MS is an analytical technique used to determine the mass of molecules. In order to achieve highly accurate and sensitive mass measurements at the atomic scale, mass spectrometers manipulate charged particles using magnetic and electrostatic fields.

_images/introduction_MS.png

In a typical mass spectrometer, three principal components can be identified:

  • Ion Source: A mass spectrometer only handles ions. Thus, charge needs first be transferred to uncharged particles. The component responsible for the ionization is the ion source. Different types of ion sources and ionization techniques exist with electrospray ionization (ESI) being currently the most widely used ionization technique for mass spectrometry-based proteomics.

  • Mass Analyzer: Most commonly used mass analyzer in proteomics are time-of-flight (TOF) mass analyzers, quadrupole mass filters, and orbitrap analyzers. In TOF mass analyzers, the ions are accelerated in an electric field. The flight time of an ion allows calculating the velocity which in turn is used to calculate the mass-to-charge ratio (m/z). Varying the electric field allows filtering certain mass-to-charge ratios before they enter the detector. In quadrupole mass filters, ions pass through an oscillating electric field created by four parallel rods. For a particular voltage, only ions in a certain mass-to-charge range will reach the detector. The orbitrap is an ion trap mass analyzer (and detector) that traps ions in orbital motion between a barrel-like outer electrode and a spindle-like central electrode allowing for prolonged mass measurement. As a result of the prolonged mass measurements, a high mass resolution can be achieved.

  • Detector: The last component of the mass spectrometer is the detector.
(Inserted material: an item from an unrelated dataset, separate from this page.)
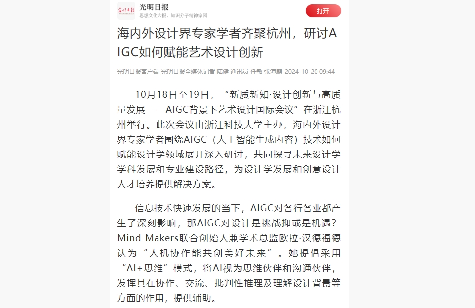 光明日报客户端:海内外设计界专家学者齐聚杭州,研讨AIGC如何赋能艺术设计创新
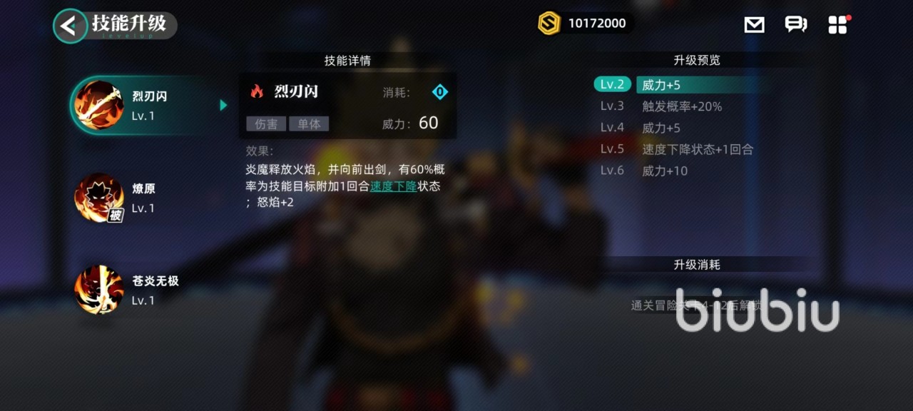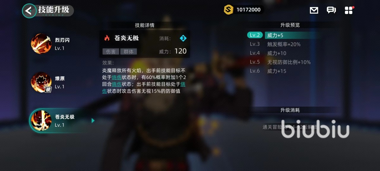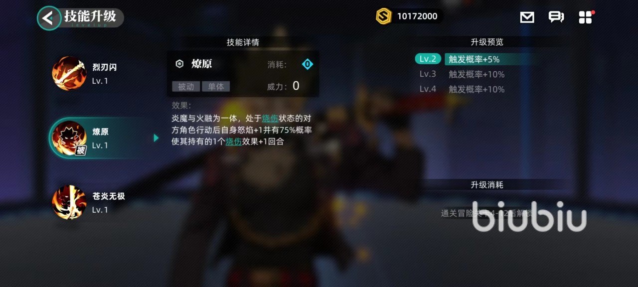 第2个技能燎原,让炎魔和火焰融为一体,如果对方有处于烧伤状态目标,在其行动后,炎魔自身怒焰效果增加一层,并且有机率使其身上烧伤效果延续一回合。这是一个被动生效单体类技能,对于拿手好戏烧伤来说非常有效,只要脸好甚至可以一直将效果延续下去,对方会非常头疼。而且这也是自身可以造成的状态,被烧伤影响目标持续减少生命值和攻击力。

It determines the abundance of ions that passed through the mass analyzer. Ion intensities (a value that relates to its abundance) and the mass-to-charge ratio are recorded in a mass spectrum.

A sample is measured over the retention time of the chromatography typically resulting in tens of thousands of spectra. The measurement of one sample is called an MS run and the set of spectra called an MS or peakmap.

_images/spectrum_peakmap.png

Left: spectrum with peaks (m/z and intensity values), Right: spectra stacked in retention time yield a peak map.

In proteomics and metabolomics, the MS1 intensity is often used for the quantification of an analyte. Identification based on the MS1 mass-to-charge and the isotope pattern is highly ambiguous. To improve identification, tandem mass spectrometry (MS/MS) can be applied to assess the analyte substructure. To this end, the precursor ion is isolated and kinetically fragmented using an inert gas (e.g., Argon). Fragments produced by collision-induced fragmentation (CID) are stored in an MS2 (MS/MS) spectrum and provide information that helps to resolve the ambiguities in identification. Alternatively, MS/MS spectra can be used for quantification.